[WHAT THIS TASK INVOLVES] Every line of the listing below is to be repeated exactly; the pictures stay out.

[EXERCISE INPUT]

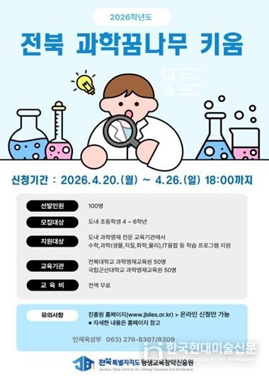 한국현대미술신문 기자 | 전북특별자치도평생교육장학진흥원은 도내 초등학생들의 과학적 잠재력을 깨우고 미래 혁신 인재로 육성하기 위한 2026년도 ‘전북 과학꿈나무 키움사업’ 참가자를 오는 4월 20일부터 26일까지 모집한다고 밝혔다.
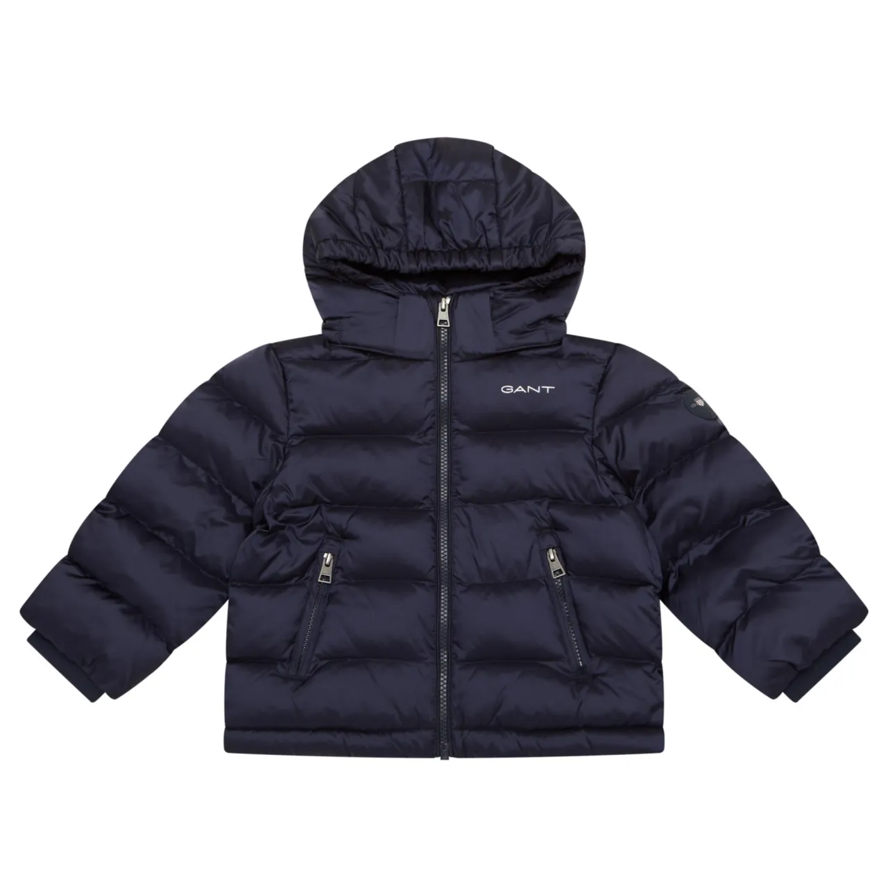 - Hooded, long sleeves, ribbed cuffs, padded, logo detail, zip fastening
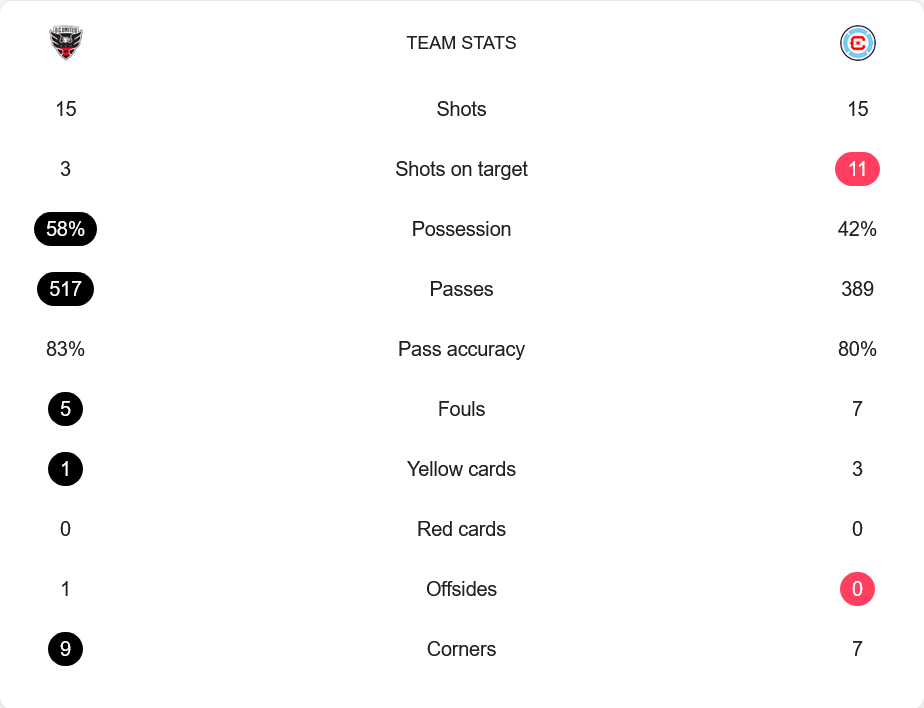 แม้ดีซี ยูไนเต็ดจะครองบอลได้มากถึง 58% แต่ก็ไม่สามารถสร้างโอกาสได้เท่ากับความคาดหวัง โดยมีเพียง 3 ครั้งที่ยิงเข้ากรอบจาก 15 ครั้ง ขณะที่ชิคาโก ไฟร์ แม้จะมีการครองบอลเพียง 42% แต่ความแม่นยำในการเข้าทำและจังหวะสุดท้ายทำให้พวกเขายิงเข้ากรอบถึง 11 ครั้ง และแปลงเป็น 7 ประตูเต็มๆ ทั้งสองทีมมีการส่งบอลที่แม่นยำพอกัน (ดีซี 83%, ชิคาโก 80%) แต่การตัดสินใจในพื้นที่สุดท้ายต่างกันอย่างเห็นได้ชัด
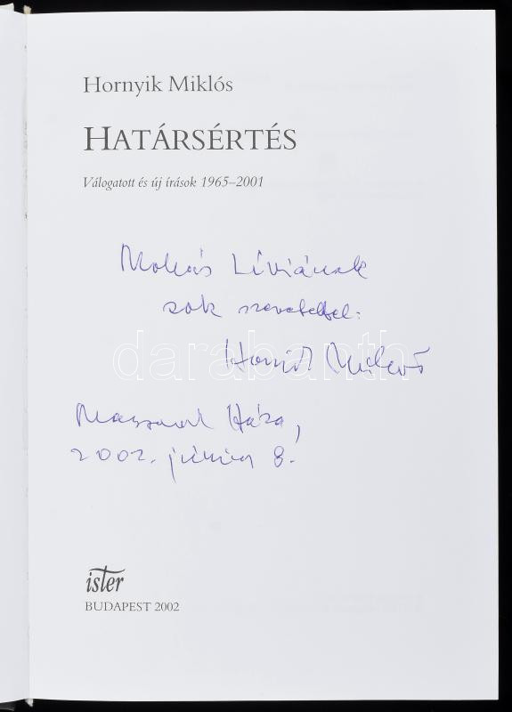 Hornyik Miklós: Határsértés. Válogatott és új írások 1965-2001. A szerző, Hornyik Miklós (1944 - 2012) író, újságíró, kritikus, szerkesztő által Mohás Lívia (1928-2024) pszichológus, József Attila-díjas írónak DEDIKÁLT példány. Bp., 2002, Ister. Kiadói papírkötés.
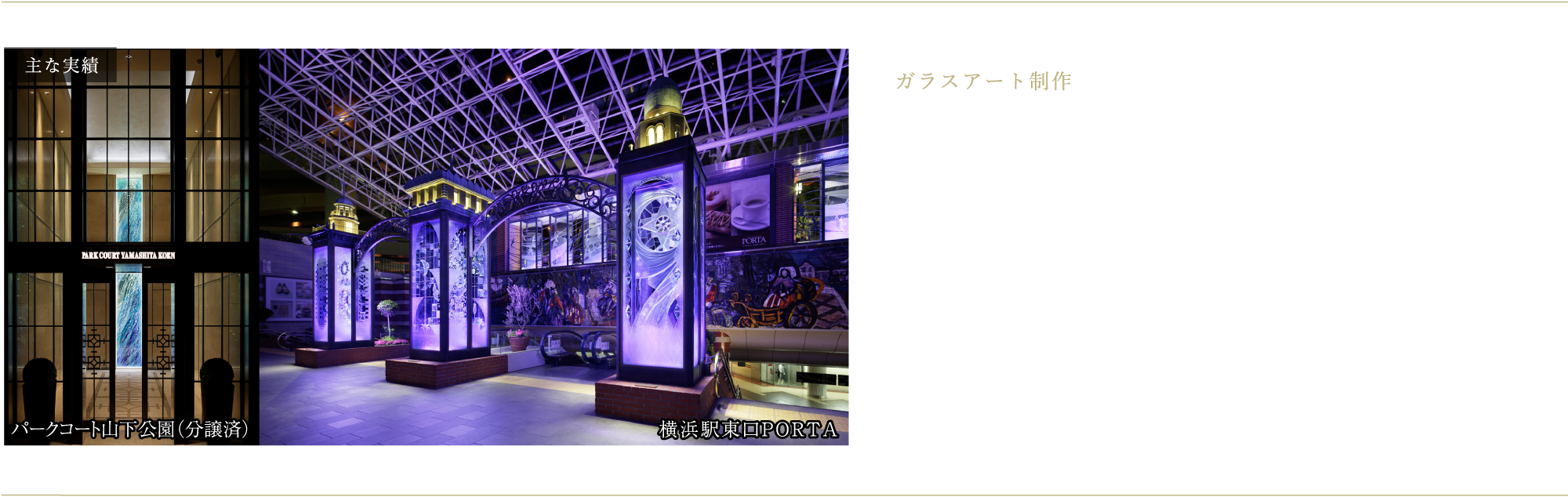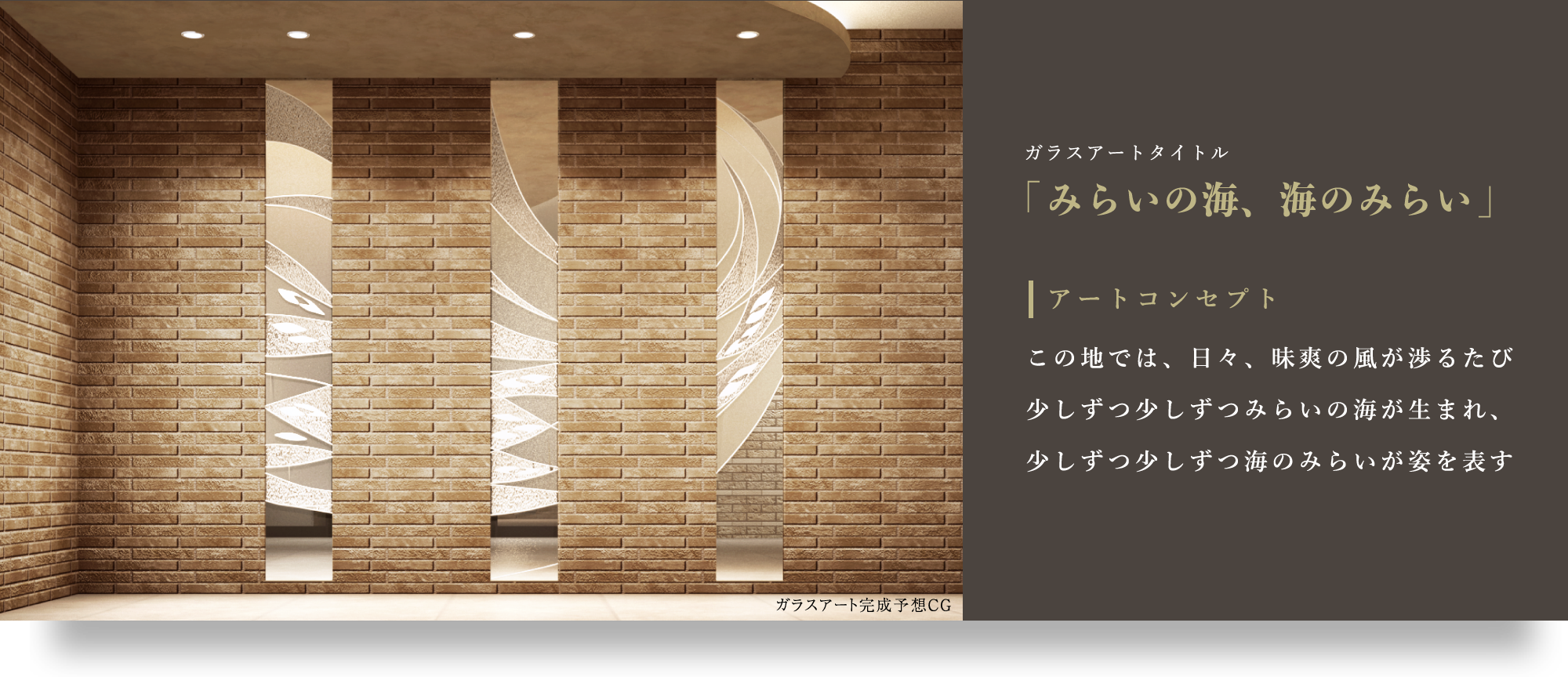 横浜出身アーティストによるガラスアートが、水の潤いを映し出します。

[COMPLETED EXERCISE]
 한국현대미술신문 기자 | 전북특별자치도평생교육장학진흥원은 도내 초등학생들의 과학적 잠재력을 깨우고 미래 혁신 인재로 육성하기 위한 2026년도 ‘전북 과학꿈나무 키움사업’ 참가자를 오는 4월 20일부터 26일까지 모집한다고 밝혔다.
 - Hooded, long sleeves, ribbed cuffs, padded, logo detail, zip fastening
 แม้ดีซี ยูไนเต็ดจะครองบอลได้มากถึง 58% แต่ก็ไม่สามารถสร้างโอกาสได้เท่ากับความคาดหวัง โดยมีเพียง 3 ครั้งที่ยิงเข้ากรอบจาก 15 ครั้ง ขณะที่ชิคาโก ไฟร์ แม้จะมีการครองบอลเพียง 42% แต่ความแม่นยำในการเข้าทำและจังหวะสุดท้ายทำให้พวกเขายิงเข้ากรอบถึง 11 ครั้ง และแปลงเป็น 7 ประตูเต็มๆ ทั้งสองทีมมีการส่งบอลที่แม่นยำพอกัน (ดีซี 83%, ชิคาโก 80%) แต่การตัดสินใจในพื้นที่สุดท้ายต่างกันอย่างเห็นได้ชัด
 Hornyik Miklós: Határsértés. Válogatott és új írások 1965-2001. A szerző, Hornyik Miklós (1944 - 2012) író, újságíró, kritikus, szerkesztő által Mohás Lívia (1928-2024) pszichológus, József Attila-díjas írónak DEDIKÁLT példány. Bp., 2002, Ister. Kiadói papírkötés.
 横浜出身アーティストによるガラスアートが、水の潤いを映し出します。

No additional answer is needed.